Friday 27 March 2009

Tuesday 24 March 2009

Crash Test

Automated testcase reduction is way cool. Lithium is a very nice python tool for that, easy enough to modify (to for example, attempt to not reduce only in chunks that are powers of two in size)

Hand in hand with automated testcase reduction is automated testcase generation. There is a little GNU tool (named spu) hiding away in the GDB sources to do just that.

EA have a custom STL replacement. (EASTL). WxCocoaDialog, and CocoaDialog.

High precision timers for Cell Linux.

Monday 16 March 2009

Look for the Truth

Terry Pratchett defines why I read SF & Fantasy.

Just when C++ seems understandable, some new examples of what can be done show up, and present interesting bafflement.
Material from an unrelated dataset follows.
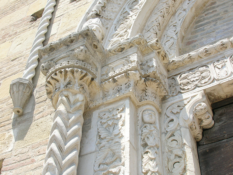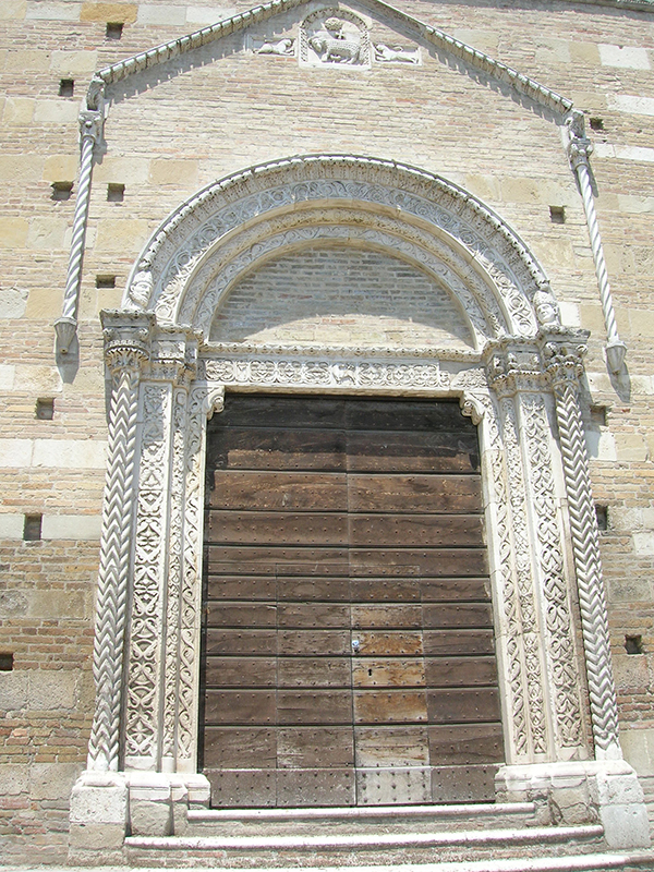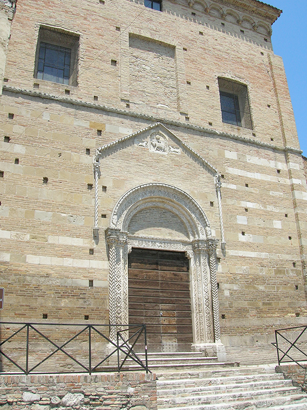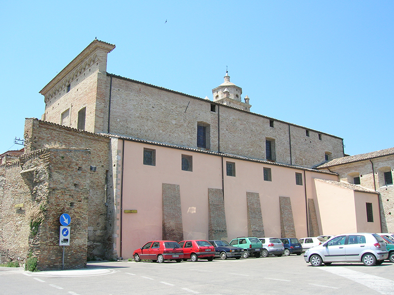 E’ meglio conosciuta come Chiesa di S.Domenico, essendo stata ricostruita per volere dei Padri Domenicani tra il 1298 ed il 1317. L’edificio originario, eretto al posto di una residenza regia appartenuta all'Imperatore Federico II di Svevia di cui si conservano il portale gotico ed una bifora, risale al Duecento, ma venne fortemente rimaneggiato nei secoli successivi e completamente ricostruito nel corso del XVI secolo. In facciata, a coronamento piano, si apre uno splendido portale in pietra decorata, analogo a quello presente nella Cattedrale della città. E’ sormontato da un lunettone che viene arricchito al vertice da una formella con la raffigurazione dell’Agnus Dei fiancheggiato da due leonesse. Al di sopra dell’Agnello è insolitamente raffigurata la Rosa di Sion, simile al sigillo dei Cavalieri Templari. Alla parte posteriore della parete destra si poggia un tozzo campanile a base quadrata. All’interno, lungo la navata si aprono otto cappelle con altari ornate di stucchi e di tele di età barocca. Quelle a destra, entrando, sono la Cappella di S.Liborio, la Cappella Brigotti, la Cappella del SS.Nome di Gesù e la Cappella Forcella. Sul lato sinistro sono la Cappella Tribuni, la Cappella de Paulo, la Cappella di S.Tommaso d'Aquino e la Cappella dell'Annunciazione. L'organo sulla cantoria è del 1716. Sul soffitto è un'opera realizzata nel 1724 dall'atriano Giovan Battista Savelli raffigurante la “Gloria di San Domenico”, la cui rappresentazione prospettica regala profondità inaspettate. Il grande dipinto si ispira al soffitto con la “Gloria di Sant'Ignazio”, realizzato da Andrea Pozzo (1642-1709) in Sant'Ignazio a Roma. L'annesso convento domenicano venne trasformato nell'Ottocento in complesso industriale e utilizzato per la fabbrica di liquirizie.
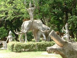 で、ブッダパーク。お寺ではないと事前に聞いてはいたが、仏教・ヒンドゥー教なんかが混合した、石像ではなくコンクリート像が林立する、まさに公園だった。でも味があって、なんか面白い。あまり客もいないので、のんびりと散策を楽しむ。中に入れるほど大きいナンキンのような像……宇宙を表してるのかな?(内部には数多の像で現世・天国・地獄等が表現されている)や寝大仏、等々。普通の仏像もあるけど、ふつう像にしないようなシーンを切り取ったものも多い。以下に写真の一部を並べてみます。重くてごめんなさい。

How to program securely in C/C++, avoiding integer overflow via templated operator overloads and allowing testing of objects in boolean contexts without unintended integral promotions.

Test case reduction - using Delta and a book on Why Programs Fail.
Delta debugging.

Monday 2 March 2009

Welcome Home (Sanitarium)

The shape of code. Interesting. A book giving a cultural commentary on the C language. The C language is relatively small - the commentary comes to 1600 pages - if he wrote it for C++, then would it ever end?

Microsoft have, as expected, a
proprietary name mangling scheme for symbols output from their C++ compiler. It is irritating that they cannot find it in themselves to fully and publically document the naming scheme, resulting in a series of more or less incomplete or obsolete 3rd party attempts scattered across the internet. Even if they promise to, and do, completely revise the scheme each version of the MS tools, it would still be preferable to the current unknown, unknowable, and murkily mutable world of trying to interoperate.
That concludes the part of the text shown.